| THE DATA |
▬▬▬▬▬▬▬▬▬▬
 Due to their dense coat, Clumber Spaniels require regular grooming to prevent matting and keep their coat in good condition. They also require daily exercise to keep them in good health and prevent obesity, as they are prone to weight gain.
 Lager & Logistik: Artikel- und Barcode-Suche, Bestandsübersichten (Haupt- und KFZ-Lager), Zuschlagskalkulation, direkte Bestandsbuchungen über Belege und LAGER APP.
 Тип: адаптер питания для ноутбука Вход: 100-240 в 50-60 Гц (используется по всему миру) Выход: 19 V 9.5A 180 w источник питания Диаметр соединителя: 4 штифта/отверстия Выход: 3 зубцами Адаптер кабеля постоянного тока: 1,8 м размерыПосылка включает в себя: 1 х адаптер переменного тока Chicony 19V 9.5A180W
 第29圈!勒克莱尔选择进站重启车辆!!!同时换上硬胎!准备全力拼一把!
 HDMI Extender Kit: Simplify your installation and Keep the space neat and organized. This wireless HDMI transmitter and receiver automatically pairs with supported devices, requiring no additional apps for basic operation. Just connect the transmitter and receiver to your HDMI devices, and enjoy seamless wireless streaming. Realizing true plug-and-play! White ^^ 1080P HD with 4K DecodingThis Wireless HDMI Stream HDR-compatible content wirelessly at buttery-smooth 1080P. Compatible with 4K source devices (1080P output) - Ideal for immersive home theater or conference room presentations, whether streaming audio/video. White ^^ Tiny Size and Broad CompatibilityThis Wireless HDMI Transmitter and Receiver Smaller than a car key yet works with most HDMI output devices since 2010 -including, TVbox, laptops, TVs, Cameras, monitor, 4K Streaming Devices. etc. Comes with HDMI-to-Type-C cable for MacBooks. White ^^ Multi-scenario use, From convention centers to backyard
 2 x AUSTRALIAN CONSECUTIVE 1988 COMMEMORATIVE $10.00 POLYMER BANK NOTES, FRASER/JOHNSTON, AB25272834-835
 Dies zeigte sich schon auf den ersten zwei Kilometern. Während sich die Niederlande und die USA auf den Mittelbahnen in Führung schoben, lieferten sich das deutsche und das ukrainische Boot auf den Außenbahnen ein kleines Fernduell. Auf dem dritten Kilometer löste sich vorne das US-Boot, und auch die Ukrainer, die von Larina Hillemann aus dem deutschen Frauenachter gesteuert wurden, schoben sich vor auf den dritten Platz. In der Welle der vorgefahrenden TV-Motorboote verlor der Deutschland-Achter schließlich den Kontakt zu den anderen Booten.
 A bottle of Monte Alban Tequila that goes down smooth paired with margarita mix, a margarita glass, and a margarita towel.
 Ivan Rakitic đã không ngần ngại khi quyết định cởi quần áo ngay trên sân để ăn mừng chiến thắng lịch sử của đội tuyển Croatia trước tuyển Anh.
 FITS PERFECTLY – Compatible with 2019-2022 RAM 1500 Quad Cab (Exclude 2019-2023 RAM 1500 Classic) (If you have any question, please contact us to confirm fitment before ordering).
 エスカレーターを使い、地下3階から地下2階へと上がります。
▬▬▬▬▬▬▬▬▬▬
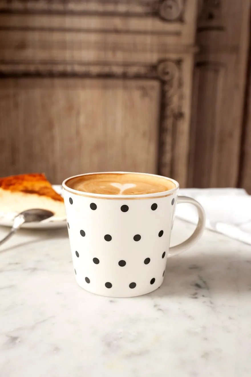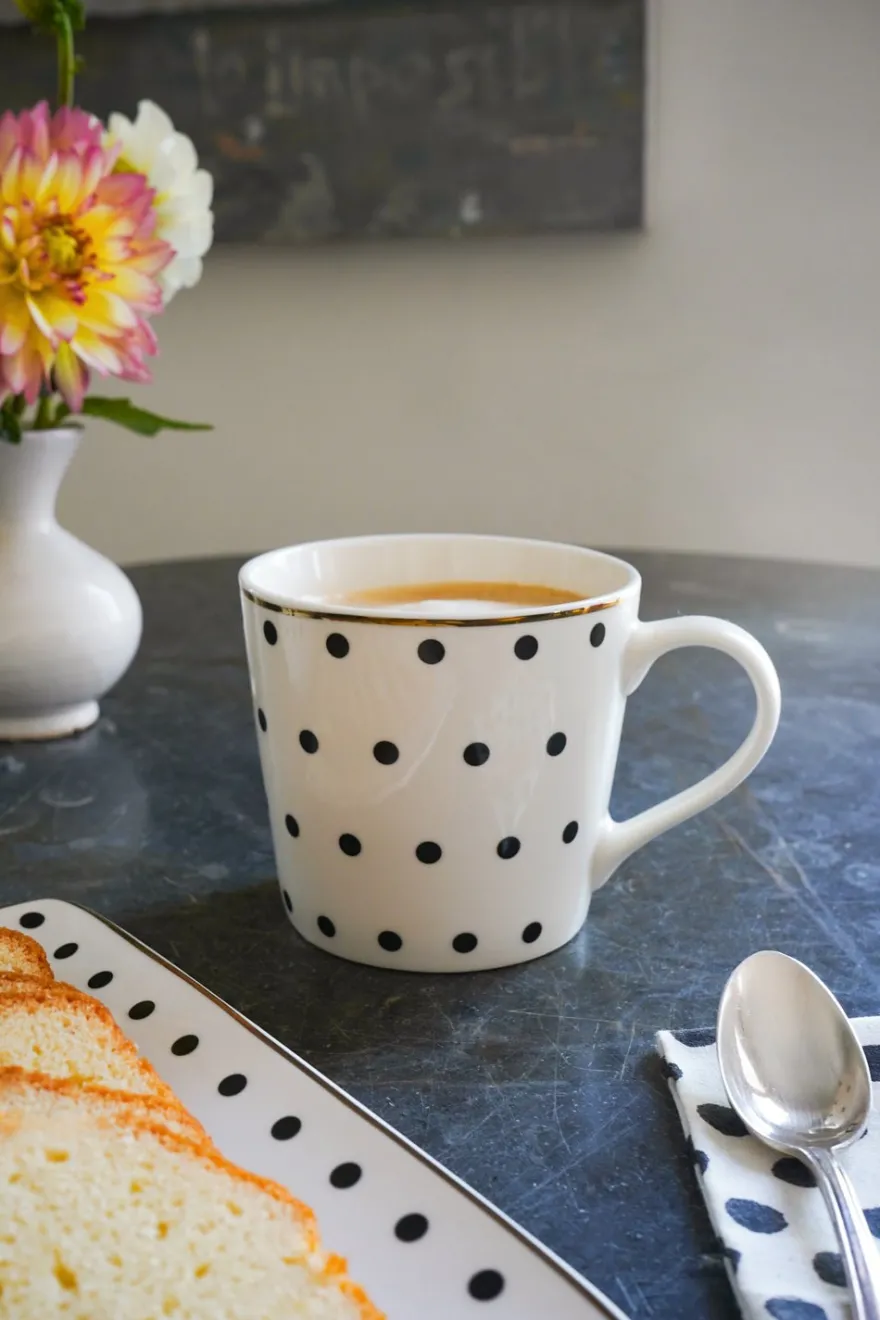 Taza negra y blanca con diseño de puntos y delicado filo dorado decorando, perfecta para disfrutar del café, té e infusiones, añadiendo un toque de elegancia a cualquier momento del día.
▬▬▬▬▬▬▬▬▬▬
| WORK TO BE COMPLETED |
Reproduce word for word the material above, starting with the line that has "A bottle of" and stopping after the line that has "Ivan Rakitic đã".

| FINISHED EXERCISE |
 A bottle of Monte Alban Tequila that goes down smooth paired with margarita mix, a margarita glass, and a margarita towel.
 Ivan Rakitic đã không ngần ngại khi quyết định cởi quần áo ngay trên sân để ăn mừng chiến thắng lịch sử của đội tuyển Croatia trước tuyển Anh.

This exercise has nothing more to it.